Great Eastern War - Part One

Maurizio Carbone: The First Modern Conflict in History - The Great Eastern War
Russia's First Offensive into Poland
The Great Eastern War had been launched by an enormous miscalculation. Catherine had correctly judged that the Conservative Hapsburg monarchy would be horrified by the declaration of a liberal constitution in Poland. However, she had counted that Austria’s disdain for constitutionalism would prevent her from coming to Poland’s aid in the event of a Russian attack, which appeared to be a great misjudgement. Nevertheless, the war plans that Russia went to war with seemed to assume that Austria would join any conflict. The Russian army was split into three parts. The largest group, located in the south, was commanded by the famous Alexander Suvorov, and numbered some 150,000 men. This force was to drive through Poland’s southern flank and prevent Austrian interference with the Russian invasion. The other two armies were located near Minsk under the command of Nikolai Repnin, and near Sigulda under the command of Kirill Gorchakov. They were to move briskly through Poland, defeating her armies before a response by the other great powers could be organized.
There were no Polish forces to challenge them at the border. The Polish army was outnumbered 6-1 by the Russians, and had no hope of surviving without foreign intervention. Nevertheless, Russia’s naked aggression galvanized public opinion in Poland, and alongside the proclamation of the Constitution gave the Polish king enough support to call for a mass conscription. In the summer of 1791 alone, this brought 100,000 men into the Polish army, though these troops would not be combat ready for some time. These conscripts would be of little avail to the regular army though, which set itself on retreating to a defensive line along the Vistula River. This was a foolhardy strategy, as Poland did not have the numbers to secure a line of over 600 kilometres. Nevertheless, it was necessary for the Polish army to proclaim that there was a greater strategy behind the retreat than hoping for foreign intervention.
The first engagement of the war came at Lida. The Russian army under Nikolai Repnin had been quicker than expected, taking only twenty days to catch up to the small Polish army of around 10,000 men under Pavel Kossakowski. The Poles were outnumbered almost 8-1, and faced almost certain annihilation if the Russians caught up with them. With the Russians marching almost 10km a day to the 7km of the Poles, this seemed like a distinct possibility. Kossakowski decided to leave a regiment of foot behind to try and delay the advance of the Russians as much as he could. The leader of this seemingly doomed regiment was a Polish gentlemen named Andrzej Wiśniewski. He had joined the army only a few years before, but had been an observer of the French army. He fortified the town of Lida and entrenched his troops there for what was sure to be a hard battle.

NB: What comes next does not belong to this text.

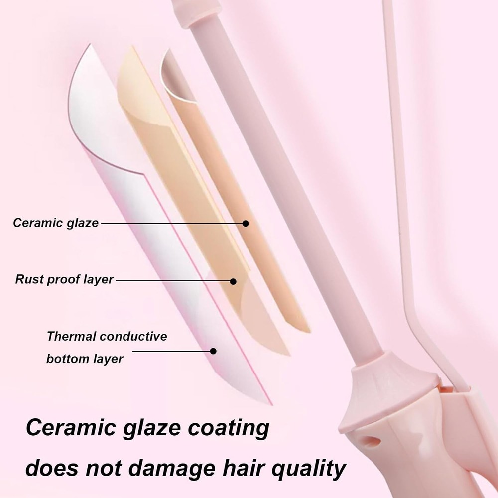 9mm Thin Curling Wand Hair Curler Ceramic Coated Hair Curling Iron for Long and Short Hair Product Details Product Dimensions : 12 x 23 x 23 inches; 7.41 ounces Manufacturer : Ruiqas Product Benefits: Curling Shape: Straight Brand: Ruiqas Hair Type: Wavy Material: Ceramic Tourmaline Unique Design: Our curling iron rollers are 9mm (3/8 inch) with a ceramic hair tube, the ceramic coating on the barrel releases negative ions to reduce damage to your hair and keep it soft and shiny. Equipped with a 1.3 metre swivel cord, it allows you to operate it in the freest way possible PTC Heating: Using PTC heating technology, it heats up quickly in 30 seconds and can cool down quickly with automatic constant temperature, reducing scalp damage due to hot and cold temperatures Safe to Use: Automatically turns off after 30 minutes to ensure safe operation. After use, this curling iron is a perfect birthday/holiday/Valentine's Day gift for friends or family Easy to Create Tight Little Curls: Fast heating to create tight spiral curls, the curling iron heats up extremely fast, even on rushed mornings, you can make beautiful curls in minutes and the effect lasts all day 100% Risk-Free Purchase:Our products are worthy of your trust, if you receive a product that is not as good as you would like it to be, please don't worry about it, please contact us for a refund or free replacement. Ideal gift for your friends and family Features: Using PTC heating technology, this curling wand heats up quickly and evenly. Ceramic coating on the barrel releases negative ions to reduce hair damage, keeping hair smooth and shiny. Auto- shut off after 30 minutes guarantee safe handling. Allows you to easily create voluminous tight curls for both short and long hairs. swivel cord enables you to operate in the most free way. Specification: Plug type: US plug Power: 20W Color: Pink Heater material: Tourmaline Ceramic Curling barrel diameter: 9mm Product length: 31cm Power cord length: 1. 3 meters Note: Please allow 1- 3cm ( 0. 4- 1. 18" ) difference due to manual measurement and slight color variation for different display setting. Package Including Package Includes: 1* Hair curling iron

However, Wiśniewski’s defence was to be made easier by a number of key Russian mistakes. The Russians, in their haste to do battle, had left much of their artillery behind due to the Rasputitsa mud. The Russian commander who Wiśniewski would face was inexperienced and hot-headed, Fyodor Tolstoy. His diaries reveal a man who was obsessed with the idea of gaining military glory by being the first to defeat the Poles. In doing so, he neglected proper reconnaissance of the Polish position at Lida. He also declined to wait for reinforcements, deciding to march against the Poles with 3000 men, confident that these numbers would crush the resistance of the famously weak Poles.
It was the Russian skirmishers who first saw first-hand the effectiveness of the Polish defences. Even those armed with rifles found it very difficult to score casualties, with the Polish fire being unsurpressed. Corporal Vladimir Litowski, one of the skirmishers involved in the first part of the battle later wrote that “Our fire seemed to have no effect on the Poles. We could barely see them, and took to shooting into the smoke produced by their musket fire. I would have been surprised if we had killed more than ten men in that first attack”. The Russians who had been involved in the skirmishing passed along their concerns about the strength of the Polish defence, though this was ignored by Tolstoy, who reasoned that a determined attack by storm columns of infantry would break the Polish defenders.
The attack was launched at around 2 o’clock in the afternoon. Around 2000 Russians, arranged into the famous “storm columns” marched for the town of Lida. They charged toward the Polish infantry but were hit rifle and musket fire, as well as devastating case shot from the few Polish cannons left behind by the main army. The Russians kept advancing, but the advance stalled close to the Polish lines as the hail of fire became too thick even for the determined Russian forces. The Russian infantry stopped advancing, instead trying to take cover however best they could. Those further behind the front lines began to withdraw, seeing that there was little hope to reach the Polish lines. Russian officers tried to persuade their troops back into the fight, though with no artillery support and not enough troops to flank the Polish position, they fell back steadily. The attack was renewed once again as more Russian troops filtered into the area, though the Poles were successful in repulsing these attacks. At the end of the day, the Poles had lost 85 men dead, 169 wounded, but this paled compared to the heavy Russian casualties. Over 300 men had been killed with a similar amount wounded and missing.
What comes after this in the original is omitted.